Consequently, for the algorithmic integration, we adopt the AERLW strategy as the primary component and combine it with the ANUS and TAQO strategies, respectively, resulting in two new variants: f–A–A–PINNs and f–A–T–PINNs. As evidenced by the results in Table 3, these combined variants consistently achieve higher accuracy than their single-strategy counterparts.
To further verify the stability of the improved fPINNs algorithms, next we only choose the original fPINNs and three improved algorithms, f–A–PINNs, f–A–A–PINNs and f–A–T–PINNs, to test the improved algorithms under different spatial and temporal step sizes.

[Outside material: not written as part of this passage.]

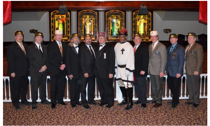
Our Newest Masters of the Royal Secret!

5.2.1. Numerical Test for the Parameter α

Fixed ϵ = 1 and γ = 5 ; to test the influence of the fractional order α , we select different values of α and different time step sizes. The corresponding relative errors are shown in Table 4, Table 5 and Table 6.
From Table 4, it can be observed that when the value of α is small, the performance of the f–A–PINNs algorithm is slightly inferior to that of the original fPINNs algorithm. This is primarily because a smaller α corresponds to a “slow diffusion” process, where the gradual state changes have little effect on the adjustment of loss weights. The redundant weight iterations lead to a decrease in computational accuracy. However, for larger values of α , the weight adjustment becomes more significant for such “fast” diffusion processes.
In fact, for the f–AC equation, the initial condition loss L i c at t = 0 may be easily satisfied and thus have a small value. In contrast, the PDE residual loss L P D E (which includes the fractional time derivative, the Laplacian term, and the nonlinear term) is evaluated over the entire spatial domain and may exhibit larger residuals. For a fixed weight ω f , if its value is too small, the L P D E term may be neglected, causing the model to prioritize satisfying the initial and boundary conditions at the expense of PDE solution accuracy. Conversely, if ω f is too large, the errors from the initial and boundary conditions may be overlooked during training. Therefore, dynamic weight adjustment can reasonably balance the three types of errors and achieve better computational performance.
Furthermore, as can be seen from the results in Table 4, Table 5 and Table 6, the f–A–A–PINNs algorithm generally outperforms the original fPINNs across most parameter combinations, except for cases with small values of α combined with small time step sizes. However, compared to the results in Table 6, for smaller N t values ( N t = 21 , 31 , 41 ), the f–A–A–PINNs algorithm performs better than f-A-PINNs. In contrast, for larger N t values (e.g., N t = 61 ), the accuracy of the f–A–A–PINN algorithms slightly deteriorates.
In summary, the f–A–T–PINNs algorithm achieves higher accuracy than the original fPINNs algorithm across all combinations of α and N t . Furthermore, the f–A–T–PINNs algorithm consistently outperforms both f-A-PINNs and f–A–A–PINNs and does not exhibit the accuracy fluctuations observed in the latter methods. The tests on the f–AC equation with the three hybrid optimization algorithms demonstrate that the f–A–T–PINNs approach yields the best overall performance, maintaining superior accuracy across multiple parameter configurations.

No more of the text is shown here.